4. Determine the mass of NaOH using its molar mass (40.00 g/mol):
mass of NaOH = moles of NaOH * molar mass of NaOH
= 0.0525 mol * 40.00 g/mol
= 2.10 g
Therefore, a mass of 2.10 grams of NaOH can be neutralized by the buffer solution before the pH rises above 4.0.
Now, let's consider the second scenario where the volume of the buffer solution remains the same (350 mL), but the concentration of HF and NaF is increased to 0.35 M.
1. Determine the moles of HF and NaF in the solution using the new concentrations:
moles of HF = (0.35 mol/L) * (0.350 L) = 0.1225 mol
moles of NaF = (0.35 mol/L) * (0.350 L) = 0.1225 mol
2. Calculate the moles of NaOH that can be neutralized by the buffer before the pH rises above 4.0:
Again, since HF and NaOH react in a 1:1 ratio, the moles of NaOH that can be neutralized is 0.1225 mol.
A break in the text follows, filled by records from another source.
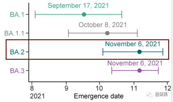 据世卫组织,奥密克戎已发展出多个亚型变异株,包括BA.1、BA.1.1、BA.2和BA.3,BA.2基因组最早发现于2021年11月6日被发现,27日提交的一份样本。
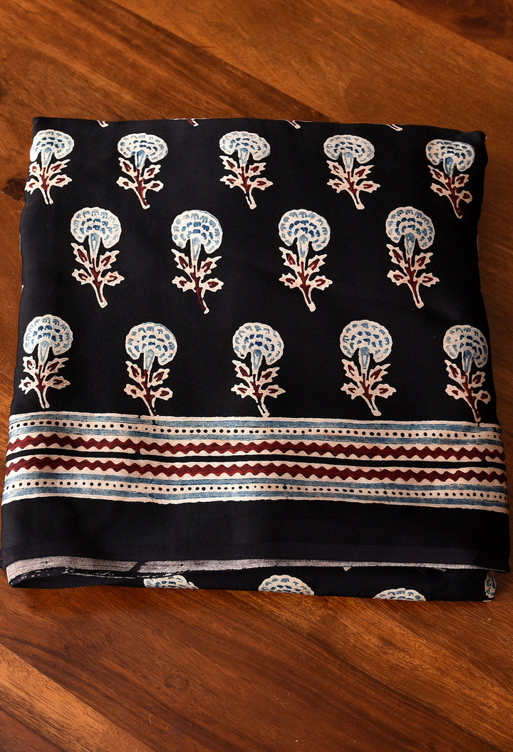 AJRAKH BLACK MODAL SILK DIGITAL PRINTED SAREE
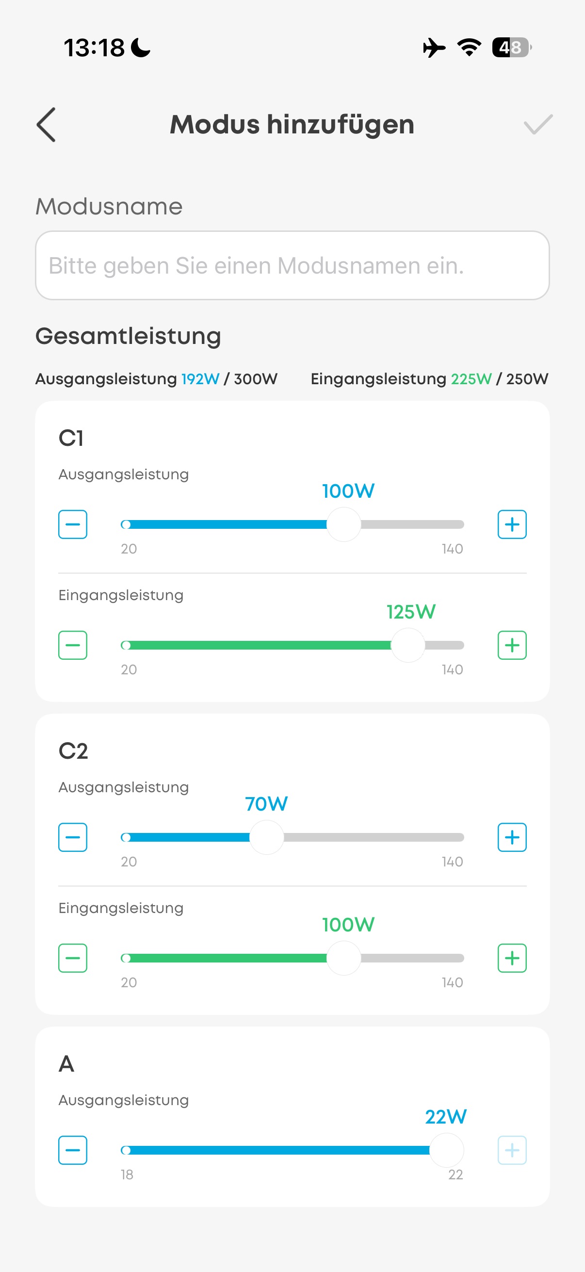 Auf dem Papier wurde der Input von 170W beim alten Modell auf stolze 250W über zwei USB-C-Ports gesteigert. Und tatsächlich lässt sich die Powerbank auch mit diesen Werten aufladen, jedoch lohnt sich auch hier ein genauerer Blick und Vergleich zu dem Vorgänger-Modell. Passthrough-Charging wird unterstützt, allerdings ohne USV-Support.
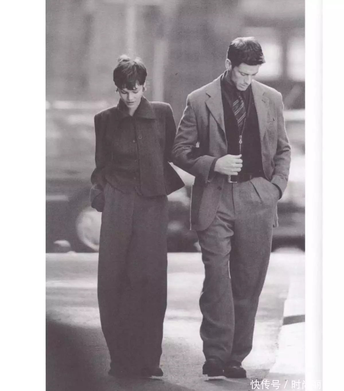 那个时候不管男女,最火的穿搭方式应该就是西装+阔腿裤的造型了,裤子选择低腰和宽松的版型,裤脚也不会正好卡在脚踝的部分,而是自然堆积在鞋面上。
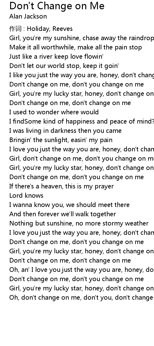 | Girl, you' re my lucky star, honey, don' t change on who you are | |
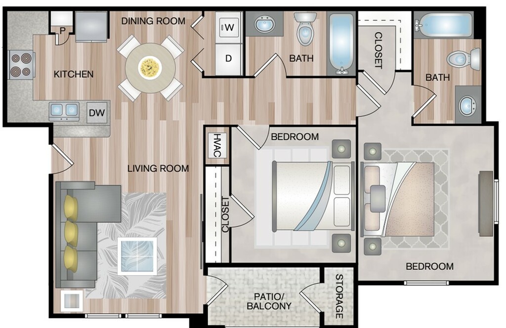 2 Beds, 2 Baths, 944 sq ftAvailable NowModel Gallery

3. Determine the mass of NaOH using its molar mass (40.00 g/mol):
mass of NaOH = moles of NaOH * molar mass of NaOH
= 0.1225 mol * 40.00 g/mol
= 4.90 g
Therefore, in the second scenario, a mass of 4.90 grams of NaOH can be neutralized by the buffer solution before the pH rises above 4.0.
In summary, the mass of NaOH that a buffer solution can neutralize before the pH rises above 4.0 depends on the concentration of the weak acid and its conjugate base in the solution. When the concentration of HF and NaF increases from 0.15 M to 0.35 M, the buffer can handle a larger mass of NaOH before the pH rises above 4.0 (from 2.10 g to 4.90 g).
thanks for the explanation!!!
1+1=3
:)
First calculate pH of the buffer.
pH = 3.14 + log(0.15/0.15)
pH = 3.14 based on Ka for HF of 7.2E-4. You need to use the K in your text and/or notes.
Then substitute 4.0 for pH and solve for (F^-/HF). If I didn't goof I found 7.24.
Here is the equation that goes when adding NaOH.
......HF...+....OH^- ===>F^- + H2O
begin 0.0525....0........0.0525 moles
add OH..........x..........x
final.0.525-x...0.......0.0525+x....
Now substitute into the (F^-/HF) = 7.24 and solve for x. x will be the moles of NaOH that can be added without exceeding a pH of 4.00. Then convert that many moles to grams NaOH.
The second part of the problem is done the same way.